Even though this is a simplified model, it lets you see how the system responds when viscosity rises in step with shear rate. The result is nonlinear because the drag itself depends on the evolving state, which feeds back into the next step of the simulation. That feedback loop is the heart of the phenomenon.

5. Visualizing the Switching Behavior

Plotting viscosity against shear rate

The first visualization should be the simplest: plot mu versus gamma_dot. This curve is the model’s signature, and it lets you confirm that your chosen parameters create a clear transition. If the rise is too shallow, increase k. If the transition happens too early or too late, adjust gamma_c. Parameter tuning is not just cosmetic; it determines whether your simulation resembles a toy fluid or an actual shear-thickening suspension.

Plotting time series of drive, viscosity, and velocity

To interpret the dynamics, plot the applied force, the velocity, and the effective viscosity on the same time axis. When the force drives the system hard enough, viscosity should climb and velocity should flatten or lag. Under weaker forcing, the system should remain in the low-viscosity regime and respond more freely. This kind of time-series comparison is especially helpful for students because it connects abstract formulas to observable behavior.

Making the threshold obvious

A useful trick is to shade the regions where mu exceeds some threshold value, say 50% of mu_high. That makes the “solid-like” intervals visible in the plot and helps you see exactly when the system switches regimes. If you want to make the visualization more educational, add annotations like “flowing regime” and “jammed regime.” In the same way that tailored content systems or research-driven editorial planning rely on strong visual structure, your physics plots should guide the eye to the important transitions.

Pro Tip: If your curve looks almost linear, your model is too gentle to reveal shear thickening clearly. Increase the transition sharpness, raise the viscosity ratio, or drive the system with a stronger oscillatory force so the simulation crosses the critical shear rate more often.

6. A Better Numerical Workflow: Stability, Timestep, and Diagnostics

Why Euler may be enough at first

Forward Euler is the “hello world” of numerical integration.
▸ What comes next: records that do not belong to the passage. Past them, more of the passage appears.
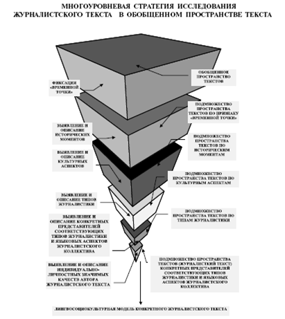 В соответствии с культурологическими составляющими устанавливаются и описываются социокультурные типы журналистики, конкретизируются особенности издания и индивидуальнозначимые качества языковой личности автора текста, что, в конечном итоге, приводит к построению лингвосоциокультурной модели конкретного журналистского текста.
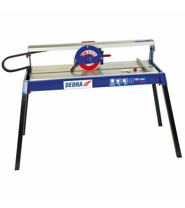 Plytelių pjovimo staklės Dedra DED7828. Variklio galia 850 W, išorinis disko skersmuo 200 mm, vidinis tvirtinimo disko skersmuo 25,4 mm. Pjaunamos plytelės storis (90°/45°) - 36/29 mm. Apsukų skaičius tuščiąją eiga 2950 min-1. Maksimalus apdirbamos plytelės ilgis 750 mm. Darbo stalo matmenys - 990x394 mm. Svoris 30 kg.
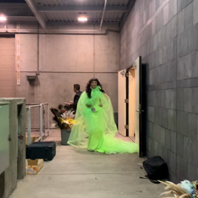 カラーウィッグモデル[ピンクバージョン]とトークイベントの本番前
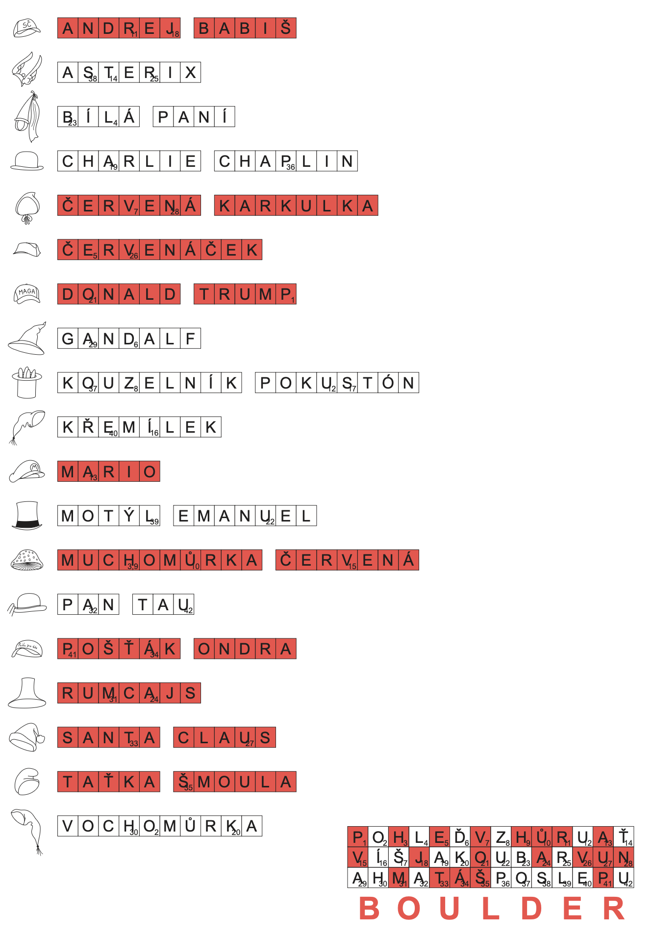 Identifikujeme, které klobouky jsou červené a písmenka, která jsme vybrali z jejich názvů, zvýrazníme v tabulce s mezitajenkou. S pomocí mezitajenky či podezřelého třířádkového rastru přijdeme na to, že druhý krok je přečíst Braillovo písmo. Sedmipísmenná tajenka zní BOULDER, což je nedaleký lezecký objekt (a podle Map.com socha).
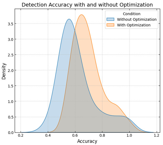 Figure 7 shows the detection accuracy of the proposed model with and without optimization. The non-optimized model does not include the QNAA and SPF-GAN; when integrated with them, it becomes the optimized model. From the findings, it is evident that the optimized model has superior efficiency in the identification of intrusions in various attack situations. This shows that, with the help of the QNAA and SPF-GAN, the model’s performance can be improved in terms of accurately detecting and classifying network intrusions. The QNAA component can also assist with the collecting of features based on attention mechanisms that enable the model’s selective perception of data. At the same time, the SPF-GAN improves the filtering process to select high-quality data as the model’s training set, which greatly improves the detection effect.
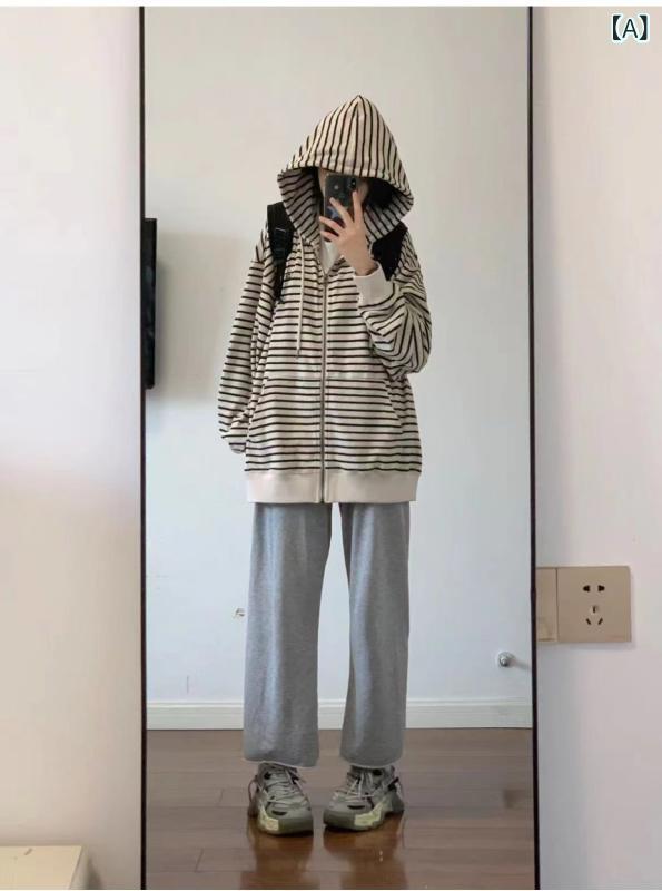 ・カテゴリ: 卫衣/绒衫・柄: 条纹/格子・スタイル: 日韩休闲、慵懒风、休闲・版型: 宽松型・着丈: ミドル丈(65cm超80cm以下)・袖丈: 長袖・袖のタイプ: 通常・ネックライン: フード付き・厚さ: 薄手・素材: 珠地棉・主な素材: 綿・主な素材の含有量: 70-80%・素材(詳細): ポリエステル30%以下・前開き: ジッパー・カラー: ストライプ・サイズ: M, L, XL, 2XL・ターゲット: 女性

It is easy to understand and fast to code, which makes it perfect for first-pass experiments. For a model like this, Euler can be adequate if you choose a sufficiently small timestep. The important lesson is that the physics should not be hidden by the numerics; if the timestep is too large, the simulation may create fake oscillations or miss the transition entirely.

Checking timestep sensitivity

Run the simulation with dt values such as 0.05, 0.01, and 0.001. If the main features change drastically, your step size is too coarse. A trustworthy simulation should preserve the broad thickening pattern across reasonable timesteps, even if the fine details shift slightly. In computational physics, this kind of convergence check is as important as the model itself because it tells you whether you are studying the system or just the artifact of your solver.

Diagnostics to log

At minimum, log time, applied force, velocity, shear rate, and viscosity. These variables let you understand the causality chain: force drives motion, motion raises shear rate, shear rate increases viscosity, and viscosity feeds back into motion. If the response seems strange, inspect whether your threshold is too high, your force amplitude too low, or your drag law too weak. Good diagnostics play the same role as the careful monitoring patterns described in operational KPI tracking and alert design: they tell you where the system starts to drift.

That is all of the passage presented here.